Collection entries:
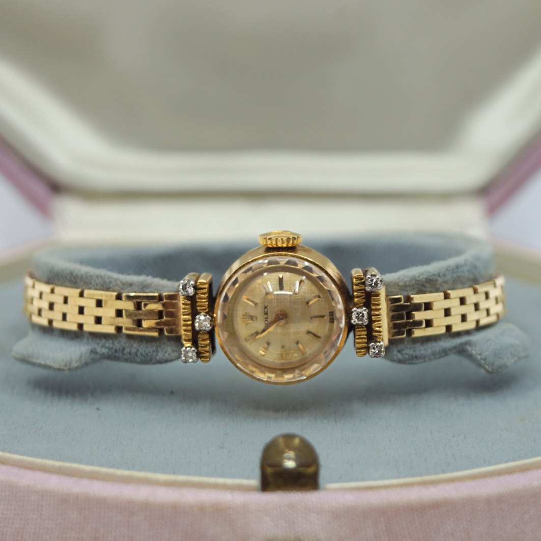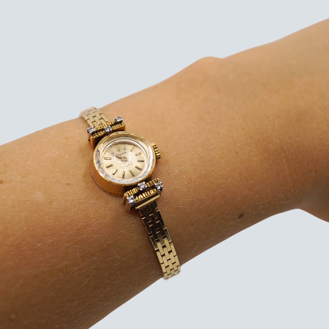 Rolex wristwatch.Rolex; Orchid watch in 18k gold, with six diamonds set in white gold. Ref. 988531. Wristchain in 14k gold. Clasp with 2 safety cathes.
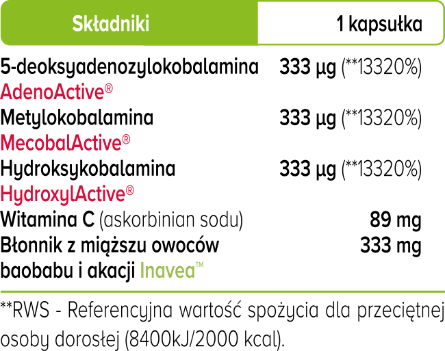 B12 (MecobalActive®️ Metylokobalamina 333 ug, HydroksyActive®️ Hydroksykobalamina 333 ug, AdenoActive®️ 1.5-deoksyadenozylokobalamina 333 ug) Inavea®️ błonnik z baobabu i akacji 333 mg, Witamina C 100 mg (askorbinian sodu), otoczka kapsułki: hydroksypropylometyloceluloza.
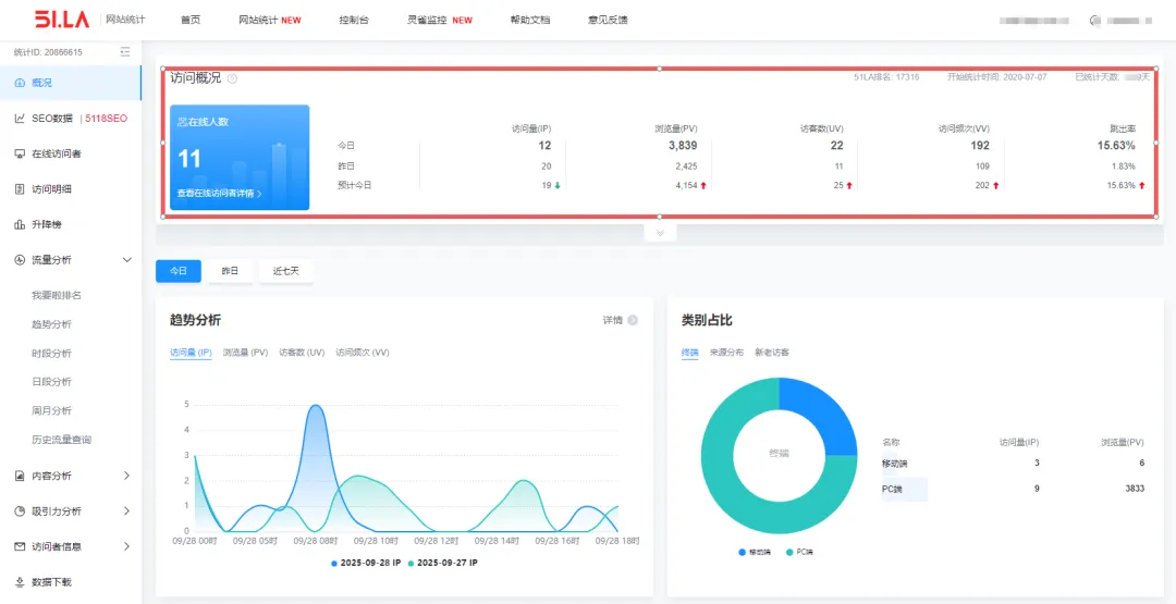 首先我们需要找一个免费的流量统计工具,而免费又专业的流量统计工具,在这里推荐大家用【51la】,它们提供每个月1000万PV的免费流量额度,这个对于大部分的企业网站来说都是足够使用的。
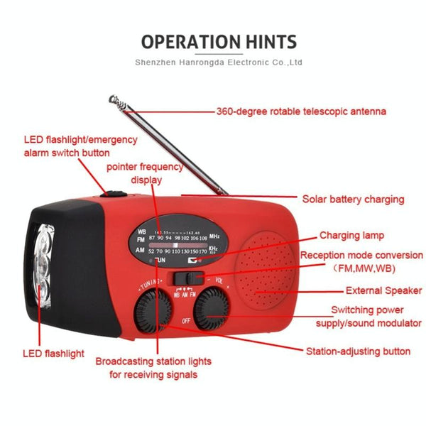 HRD-902 Multifunctional Hand Crank Solar Power LED Flashlight Emergency Alarm FM Radio
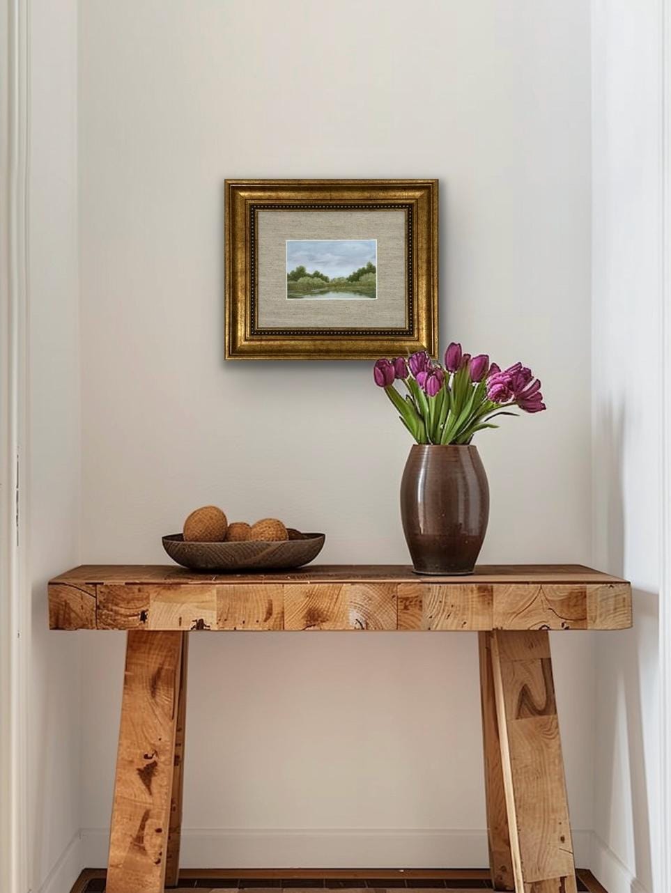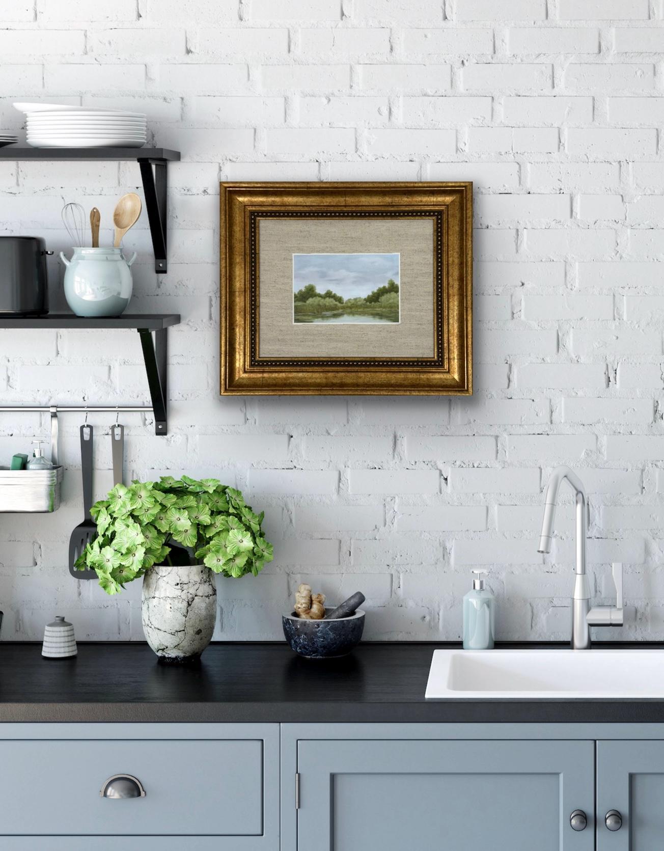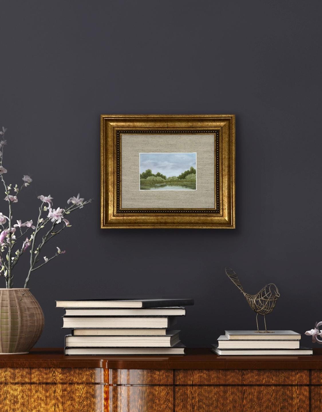 Completed with a linen mat and in an aged gold frame, ready to hang or display on a shelf. Signed & titled on back. Approximate overall frame size 11 1/4” h x 13 1/2” w
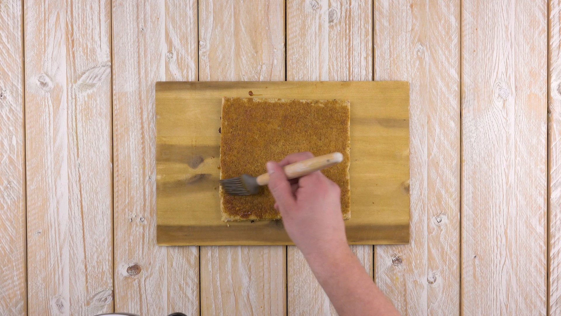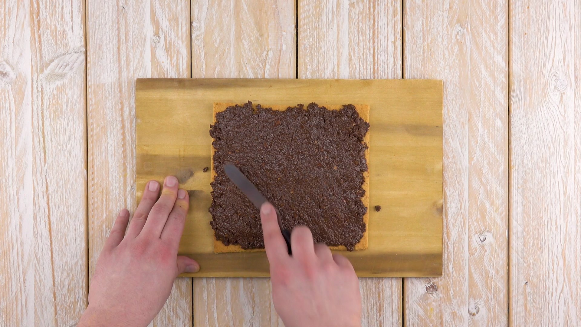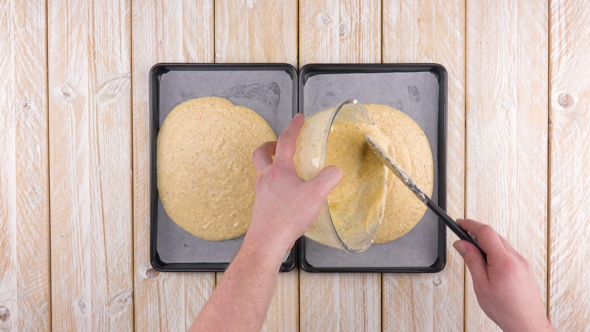 Verteile den Teig dann auf zwei tiefe rechteckige Backbleche (23 x 33 cm), die mit Backpapier ausgelegt sein sollten. Backe beide für 8 Minuten bei 200 °C im Umluft-Modus. Entferne sie anschließend von den Blechen und lass sie auf einem Ofengitter auskühlen.
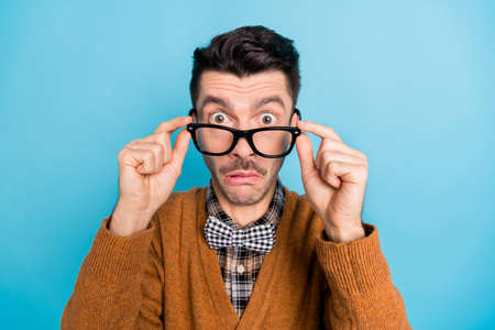 Photo of shocked amazed young man take off glasses fake news reaction isolated on blue color background
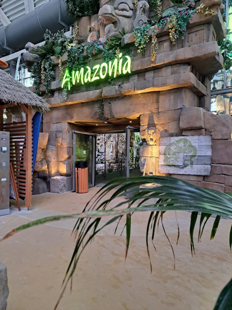🏝️ Wyspy tropikalne AMAZONIA to całoroczna powierzchnia zewnętrzna z basenem, kanał górskim o długości 250m i symulatorem surfingu (dodatkowo płatnym 20eur./30minut. Czynna codziennie od 9.00 do 17.45 (do19.45 tylko w wysokim sezonie niemieckim).
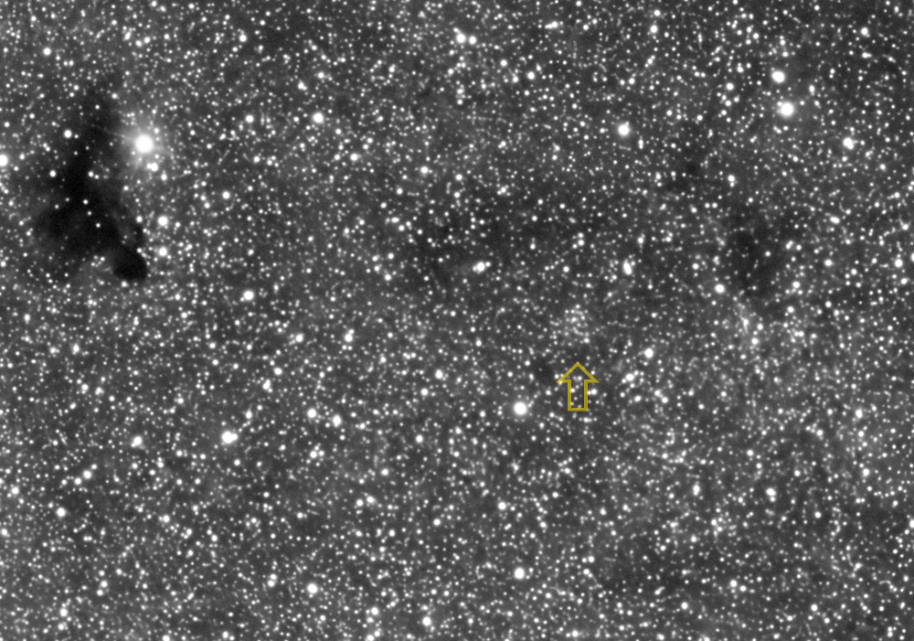 - Description: Open cluster NGC6520 and dark nebula Barnard 86, Very low in the sky and difficult to
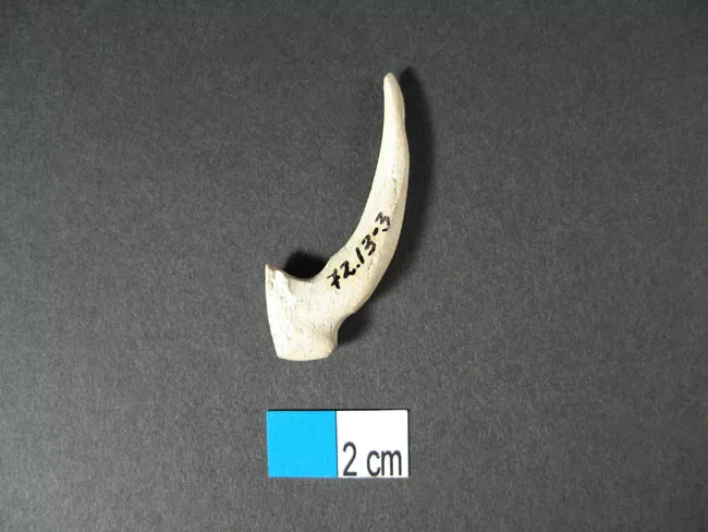 Objeto lítico, con forma lanceolada de base recta, de color beige mote...
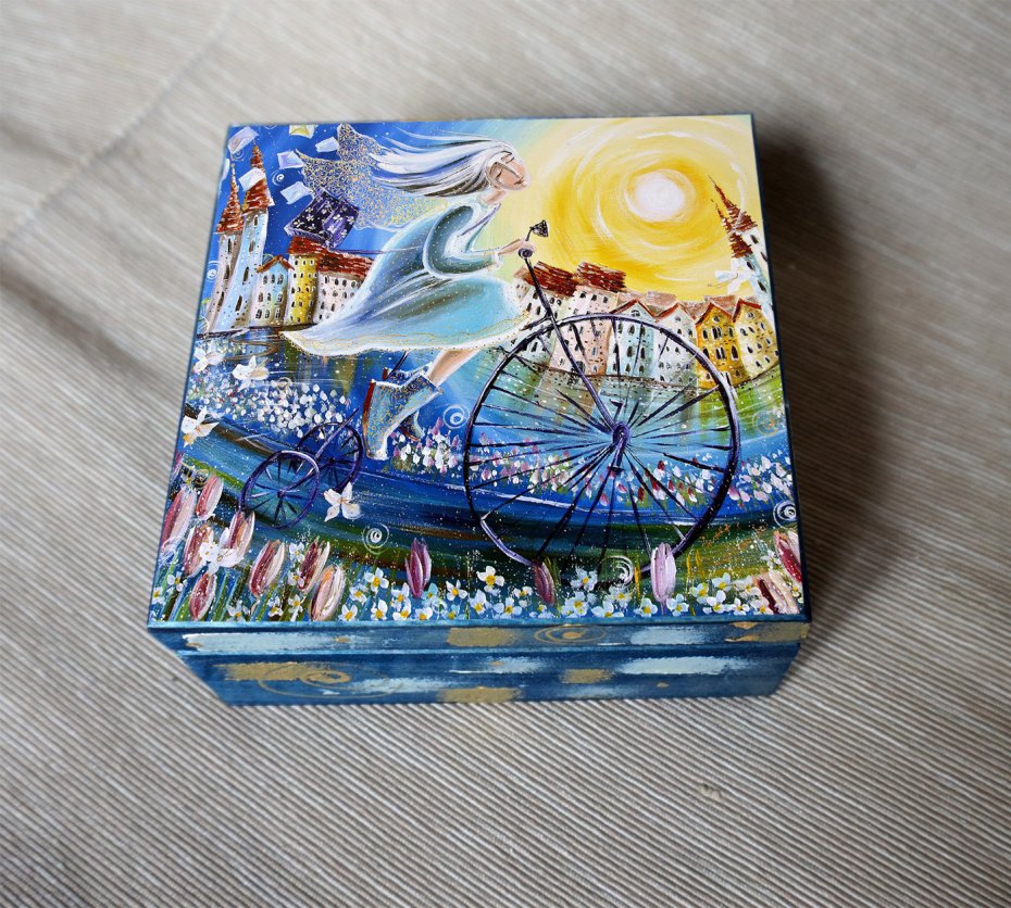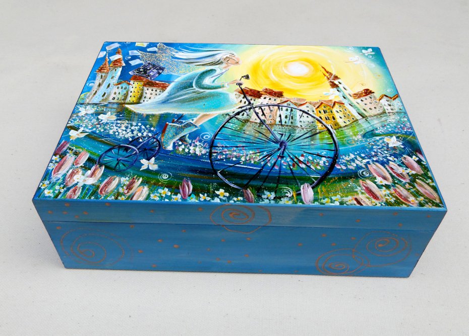 Podłużna, drewniana szkatułka, wykonana techniką decoupage. Na jej wierzchniej części umieszczona została reprodukcja obrazu autorskiego, zatytułowanego "Poranek na dobre wiadomości", natomiast boki szkatułki zdobione są ręcznie przy użyciu farby akrylowej. Całość zabezpieczona jest bezbarwnym lakierem z połyskiem oraz sygnowana w środku.
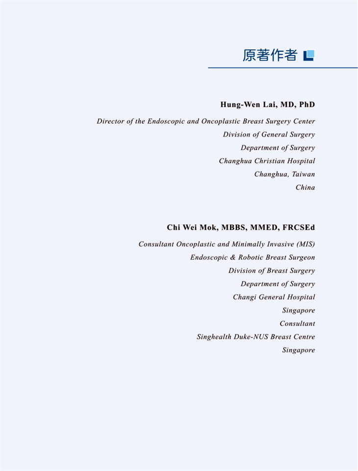 原书是乳腺外科专家Hung-Wen Lai教授和Chi Wei Mok教授编写的英文版,由爱思维尔(Elsevier)出版社出版。此次中文版一部不可多得的乳腺微创手术教程,有助于临床医生全面了解各类乳腺微创手术的风险和挑战,从而在实际操作中更加从容应对。本书适合乳腺和整形外科所有专业人士阅读,同时也适合其他相关学科的医生和医学生使用。
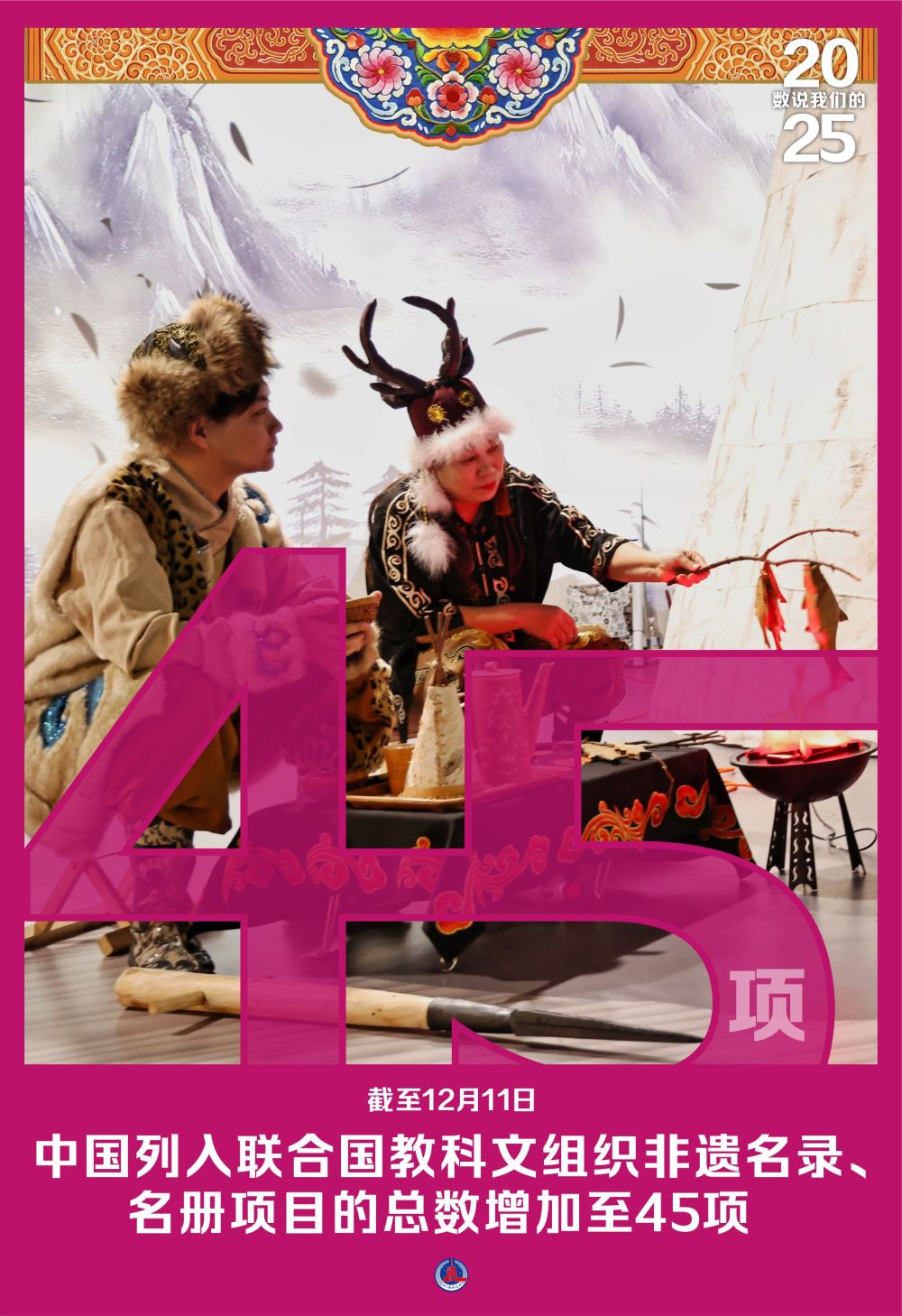 联合国教科文组织保护非物质文化遗产政府间委员会12月11日在新德里举行第20届常会,通过评审,决定将中国“赫哲族伊玛堪”从急需保护的非物质文化遗产名录转入人类非物质文化遗产代表作名录。 至此,中国列入联合国教科文组织非遗名录、名册项目的总数增加至45项。↓

* Your assignment: Set down every record word for word and leave out the pictures.

* Exercise result:
 Rolex wristwatch.Rolex; Orchid watch in 18k gold, with six diamonds set in white gold. Ref. 988531. Wristchain in 14k gold. Clasp with 2 safety cathes.
 B12 (MecobalActive®️ Metylokobalamina 333 ug, HydroksyActive®️ Hydroksykobalamina 333 ug, AdenoActive®️ 1.5-deoksyadenozylokobalamina 333 ug) Inavea®️ błonnik z baobabu i akacji 333 mg, Witamina C 100 mg (askorbinian sodu), otoczka kapsułki: hydroksypropylometyloceluloza.
 首先我们需要找一个免费的流量统计工具,而免费又专业的流量统计工具,在这里推荐大家用【51la】,它们提供每个月1000万PV的免费流量额度,这个对于大部分的企业网站来说都是足够使用的。
 HRD-902 Multifunctional Hand Crank Solar Power LED Flashlight Emergency Alarm FM Radio
 Completed with a linen mat and in an aged gold frame, ready to hang or display on a shelf. Signed & titled on back. Approximate overall frame size 11 1/4” h x 13 1/2” w
 Verteile den Teig dann auf zwei tiefe rechteckige Backbleche (23 x 33 cm), die mit Backpapier ausgelegt sein sollten. Backe beide für 8 Minuten bei 200 °C im Umluft-Modus. Entferne sie anschließend von den Blechen und lass sie auf einem Ofengitter auskühlen.
 Photo of shocked amazed young man take off glasses fake news reaction isolated on blue color background
🏝️ Wyspy tropikalne AMAZONIA to całoroczna powierzchnia zewnętrzna z basenem, kanał górskim o długości 250m i symulatorem surfingu (dodatkowo płatnym 20eur./30minut. Czynna codziennie od 9.00 do 17.45 (do19.45 tylko w wysokim sezonie niemieckim).
 - Description: Open cluster NGC6520 and dark nebula Barnard 86, Very low in the sky and difficult to
 Objeto lítico, con forma lanceolada de base recta, de color beige mote...
 Podłużna, drewniana szkatułka, wykonana techniką decoupage. Na jej wierzchniej części umieszczona została reprodukcja obrazu autorskiego, zatytułowanego "Poranek na dobre wiadomości", natomiast boki szkatułki zdobione są ręcznie przy użyciu farby akrylowej. Całość zabezpieczona jest bezbarwnym lakierem z połyskiem oraz sygnowana w środku.
 原书是乳腺外科专家Hung-Wen Lai教授和Chi Wei Mok教授编写的英文版,由爱思维尔(Elsevier)出版社出版。此次中文版一部不可多得的乳腺微创手术教程,有助于临床医生全面了解各类乳腺微创手术的风险和挑战,从而在实际操作中更加从容应对。本书适合乳腺和整形外科所有专业人士阅读,同时也适合其他相关学科的医生和医学生使用。
 联合国教科文组织保护非物质文化遗产政府间委员会12月11日在新德里举行第20届常会,通过评审,决定将中国“赫哲族伊玛堪”从急需保护的非物质文化遗产名录转入人类非物质文化遗产代表作名录。 至此,中国列入联合国教科文组织非遗名录、名册项目的总数增加至45项。↓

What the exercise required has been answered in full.